Nobel Prize in Economics 2016: Contract Theory (Hart and Holmström) in Economic Theory
In 2016, the Nobel Prize in economics was awarded to two scholars, Oliver Hart and Bengt Holmström, who had developed the contract theory and applied it in industrial economics, organizational economics and managerial economics. A great part of research of industrial psychology in modern economics is tightly related to the contractual relationships between stakeholders, managers and employees. By developing the contract theory, Hart and Holmström have created a tool for studying the contractual landscape of modern economies of scale.
|Contract Theory by Hart and Holmström (Nobel Prize in Economics 2016) | Industrial psychology in economies of scale | Organizational Economics, Industrial Economics and Managerial Economics|
Economic Theory: Industrial Economics, Organizational Economics, Managerial Economics | Nobel Prize in Economics 2016 for Hart and Holmström | Contract Theory and Industrial Psychology
What is Contract Theory?
Contract Theory Definition
Contracts are an integral part of our life. Whatever we agree to do or whatever we arrange to be done for us, we are entering contracts with others. The notion of contract has grown out of its legal usus and has successfully penetrated other areas of life, retaining a grain of its legal meaning, namely the aspect of obligation resulting from the background of industrial psychology.
Economics is one of the areas that has readily adopted the notion of contract. Specifically, such domains of economic theory as industrial economics, organizational economics and managerial economics studying economics of scale, have embraced the concept of contract between different economic actors withing the basic economic entity - the firm. In many ways, thanks to Hart and Holmström, the winners of the Nobel Prize in Economics in 2016 who have developed a complete framework for analysis of modern economies of scale.
Models of Contract Theory
In our daily life we enter contracts without even thinking about it. Indeed, every economic transaction may, with a considerable level of abstraction, be considered as a contract. In economic theory (industrial economics, organizational economics and managerial economics) when we want to have an insight into industrial psychology and start to analyse how efficient the work of different economic actors is, we need to apply different contract theory applications. Besides, the economic entity can consist of just one or many persons
When people negotiate their interests and decide to work together, they start a contract relationship, i.e. they discuss different ways of cooperation. Having different interests, there are most often three groups within a firm: stakeholders, management and employees. The least complex entity is the sole proprietorship which normally includes only one person who is the employee, manager and shareholder at the same time. Other entities have a more complicated structure. The least complicated example would be a situation when the principal (CEO, or the head 'stakeholder') has to design a contract with his employee so as to maximise the benefit of the work of the latter.

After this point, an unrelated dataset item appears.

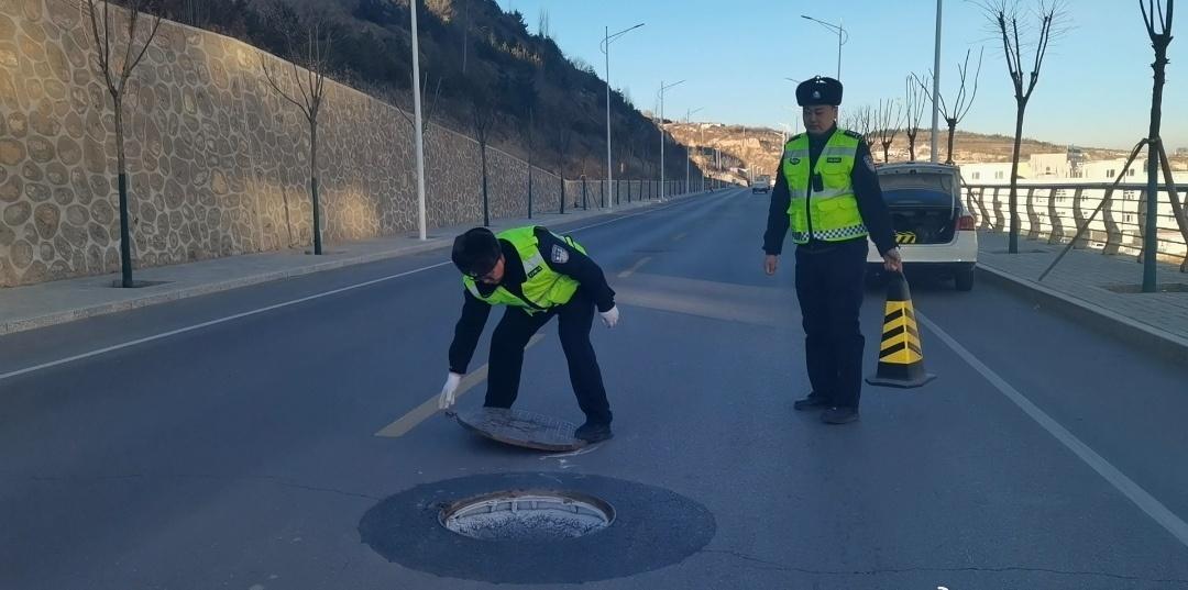 【窨井盖移位险象环生!清水河交警紧急处置,筑牢群众 “脚下安全” 防线】2025 年 12 月 2 日,清水河县公安局交管大队一中队民警在平安街工人文化宫东 200 米处巡逻时,发现一口窨井盖脱离原位横置路中,井口完全暴露(该路段曾因井盖问题引发车辆严重受损事故)。民警当即行动,迅速将井盖复位固定,在周边摆放警示标志划定防护区域,引导车辆减速避让。为从源头消除隐患,民警同步联系路权所属部门通报情况,督促开展全面检查维修并建立长效管护机制。下一步,交管部门将加密重点路段巡逻频次,坚持隐患 “早发现、早处置”,强化部门协同联动,全力保障辖区群众通行安全。

Contract Types and Principles of Contract Design
In order that the company functions in the most efficient way, it should fine-tune its contractual landscape in the most efficient way. That means in such a way that all the actors are motivated to produce the best possible result. In that so-called principal-agent model, the effort of the employee is maximised with respect to his utility function so as to find the most interesting way of exploiting his services.
Can contracts be complete and predict every sort of risk? Hart and Holmström has been working on that question since the 1980s. Their research has shed a vast light on those questions as well as others concerning financial markets, mergers and acquisitions etc. For more info about contract theory and the Nobel Prize in economics 2016, please follow the link.